ASSIGNMENT ▸ Take nothing but the lines from the one with "Homemade yogurt with" through the one with "Interestin. I too" in the entries below, both ends kept, and return them exactly with pictures left out.
::: GIVEN ENTRIES :::
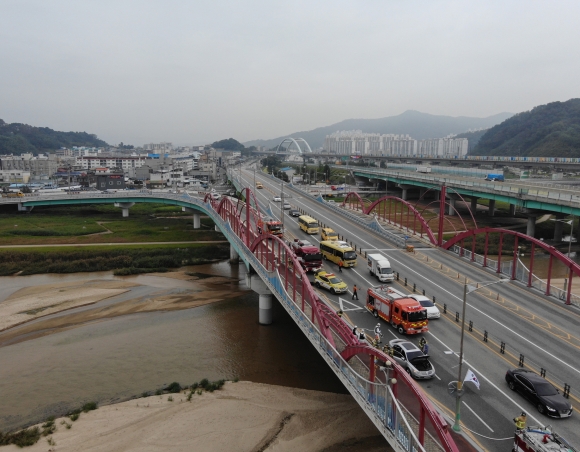 지난 10월 6일(수) 09시 경 김천대교에서 차량 내부에 화재가 나타났다는 신고가 들어왔다. 출동한 대원들은 신호가 없는 교량에서의 화재현장이라 2차사고가 발생할 수 있는 상황이었다.
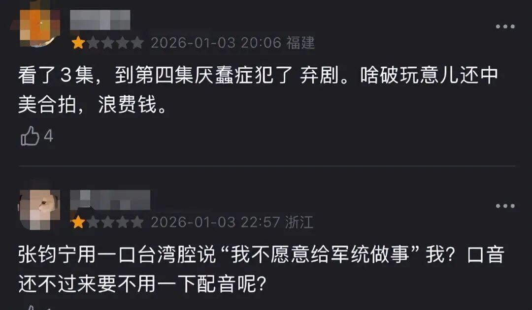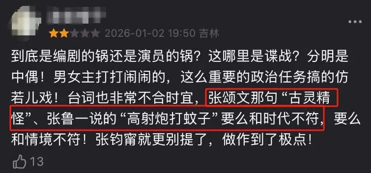 有不雅众吐槽:“听张钧甯言语,就像在喝奶茶,甜得发腻,和谍战剧的基调都备不搭。”
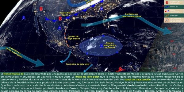 FRENTE FRÍO Nº 15 ORIGINARÁ CHUBASCOS, FUERTES VIENTOS Y DESCENSO DE TEMPERATURA Por Jorge Moreno 18 Diciembre 2024; Saltillo, Coahuila.- La Subsecretaría de Protección Civil del Estado informa que el frente frío número 15, reforzado por una masa de aire…
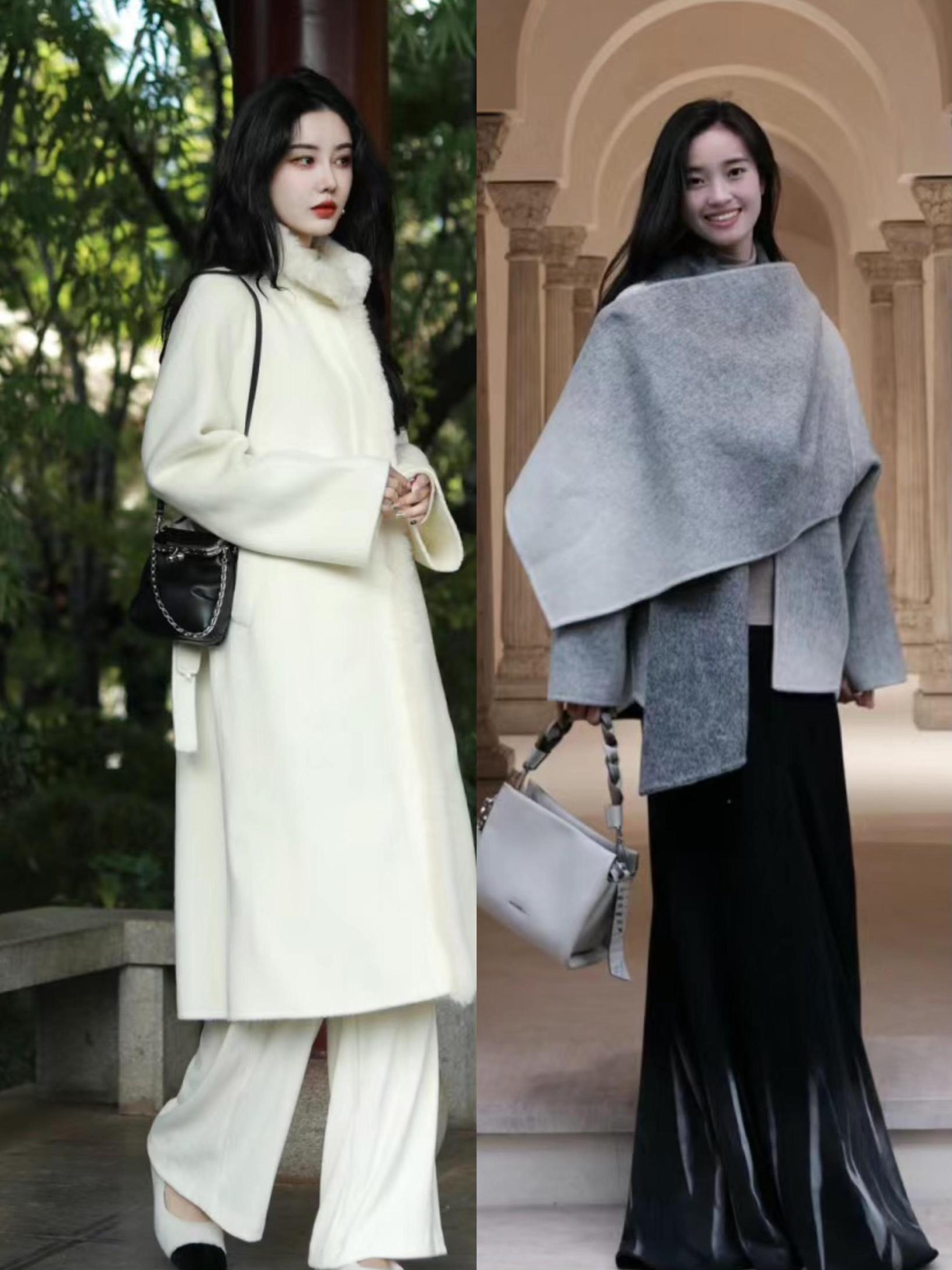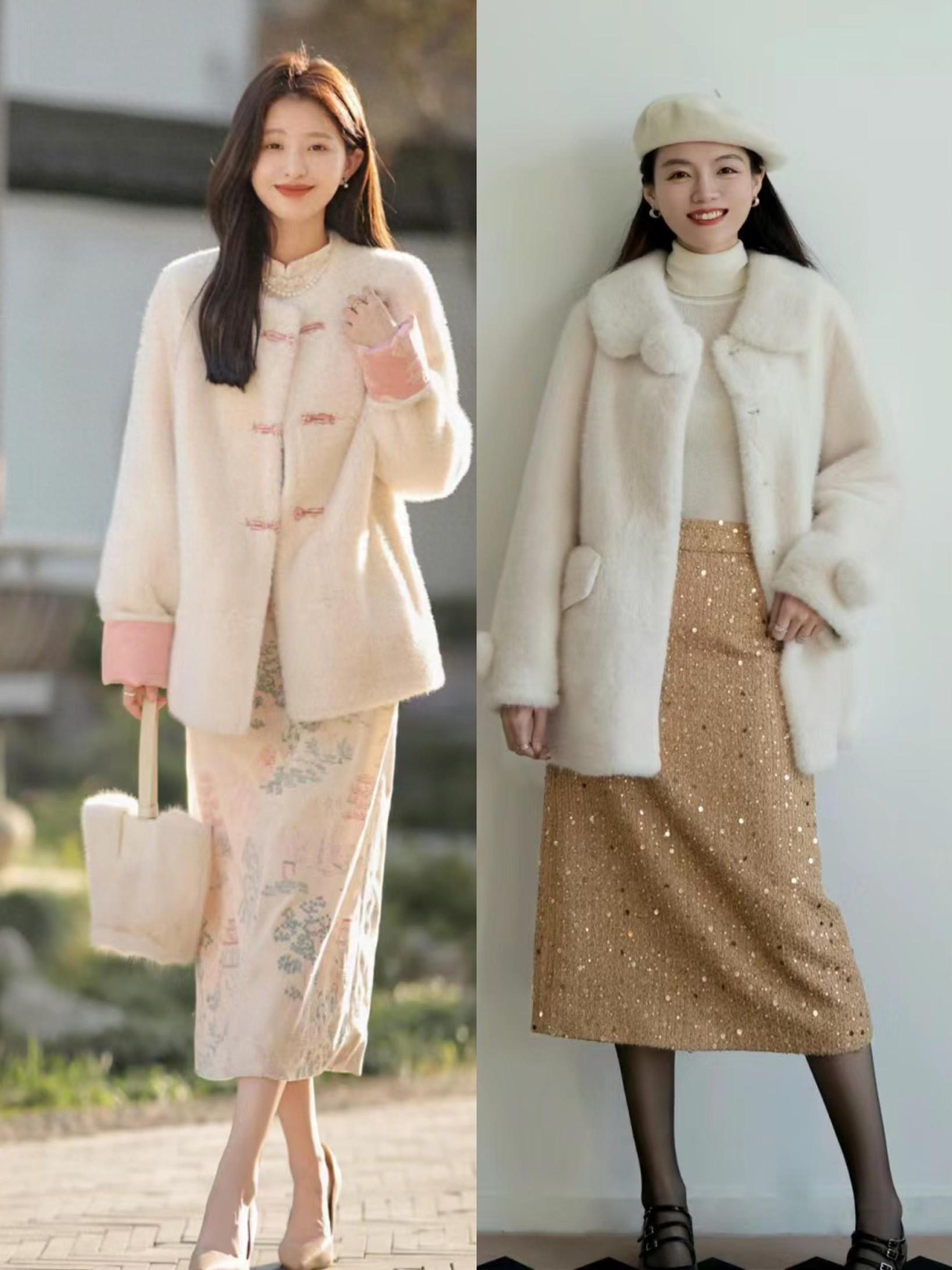 看似簡約卻婉約大方的一組穿搭,更加適合氣質柔美的女人。毛呢面料的白色大衣,注入了經典的國風元素,擁有同色系毛領的修飾。
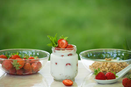 Homemade yogurt with fresh strawberry on a grey background.
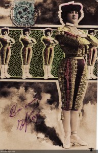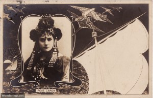 Interestin. I too have a good number of antique hand tinted postcards of Atelier Reutlinger – most unused, undivided backs of different series from the 1900-1904 period showing famous stage personalities of the time among which Otero; Liane De Vries; Gilda Darty; Stratzaers; Blanche Miroir; Cleo de Merode; Frascuelita; Liz Chavita; Nina D’Asty; and Liane de Pougy and Zarina (in art noveau frames); De Freville and Colonna Romano (Casino de Paris seies), Nimidof; Catherine Mastio (Opera series). I wonder if any of your readers have any information on other postcard printers of the same era (of which I also have many cards) – eg: H. Manuel (Paris) , Anthony’s Paris; Walery (Paris); BNK (?Paris); NRM; NPG and Alterocca Terni (Italy); RPH (? Germany) and Raphael Tuck et Fils Paris (Real Photo series; Beauty Series; Musical Celebrities Series with various cards showing ladies in elegant attire with attched designs like paste bead highlights added to wraps, dresses and headscarfs).
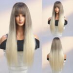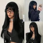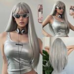 Fashionable Long Straight Bob Wig with Air Bangs – Synthetic Hair for Women
:::
OUTPUT OF THE EXERCISE ▸
 Homemade yogurt with fresh strawberry on a grey background.
 Interestin. I too have a good number of antique hand tinted postcards of Atelier Reutlinger – most unused, undivided backs of different series from the 1900-1904 period showing famous stage personalities of the time among which Otero; Liane De Vries; Gilda Darty; Stratzaers; Blanche Miroir; Cleo de Merode; Frascuelita; Liz Chavita; Nina D’Asty; and Liane de Pougy and Zarina (in art noveau frames); De Freville and Colonna Romano (Casino de Paris seies), Nimidof; Catherine Mastio (Opera series). I wonder if any of your readers have any information on other postcard printers of the same era (of which I also have many cards) – eg: H. Manuel (Paris) , Anthony’s Paris; Walery (Paris); BNK (?Paris); NRM; NPG and Alterocca Terni (Italy); RPH (? Germany) and Raphael Tuck et Fils Paris (Real Photo series; Beauty Series; Musical Celebrities Series with various cards showing ladies in elegant attire with attched designs like paste bead highlights added to wraps, dresses and headscarfs).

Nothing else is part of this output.